The Saenuri is trying to avoid a special investigation that could target presidential officials for breach of trust, the relatives say. The families do not believe that the administration will appoint a special prosecutor who will resist pressure from the Blue House. The continuing gridlock has paralyzed all political activities.

As a result, parliamentary audits into government ministries scheduled to begin yesterday were called off and a myriad of bills the government hopes will give a much-needed boost to a stagnant economy have been sidelined. For the past 112 days, not a single bill was legislated at the National Assembly.

As the political paralysis over the Sewol law shows no signs of being resolved, Kim Young-oh, the father of a teenager who lost her life in the Sewol sinking, continued his hunger strike from a hospital bed. Although he was checked into a hospital on Friday due to his rapidly deteriorating health, Kim still refuses to eat while being given fluids intravenously.

Today is the 45th day of his hunger strike to demand the passage of a satisfactory law to investigate the root causes of the ferry’s sinking and the government’s tragically poor rescue response. Last week, Kim also requested a meeting with President Park.
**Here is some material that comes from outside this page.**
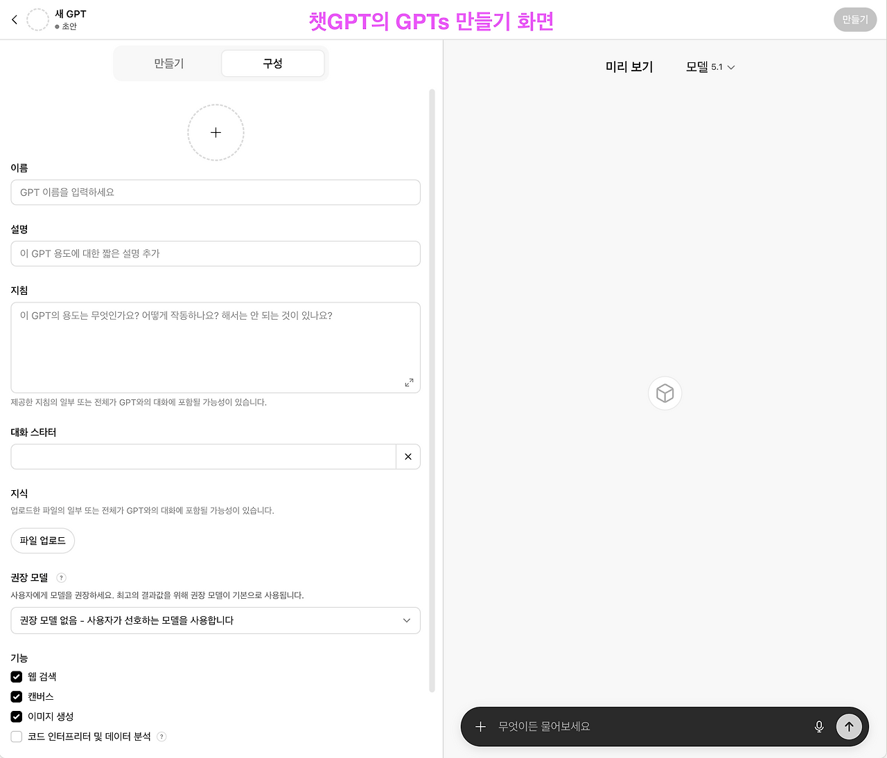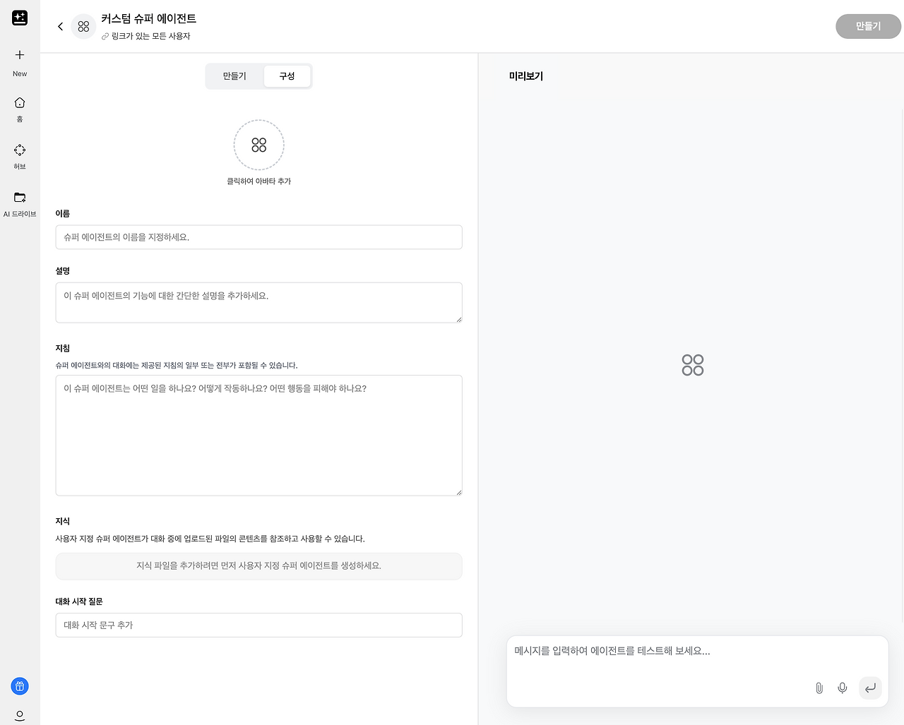 참고로 챗GPT의 GPTs 만들기 기능과 유사하다고 보시면 됩니다.

During a meeting with Park of the NPAD yesterday in his room at Seoul Metropolitan Dongbu Hospital, the father, who has gone from 58 kilograms to 47 kilograms (127 pounds to 103 pounds), told the opposition leader he will eat again only when the Saenuri behaves with open-mindedness to reflect the families’ demands on the special law. After the meeting, Park also met with other families at the National Assembly.

Rep. Moon Jae-in, who was the NPAD candidate in the 2012 presidential election, is on the ninth day of a hunger strike in solidarity with the families’ cause.

There is a chance of reaching a breakthrough today as the Saenuri floor leader, Lee Wan-koo, and other ruling party lawmakers are scheduled to meet with the victims’ families at the National Assembly.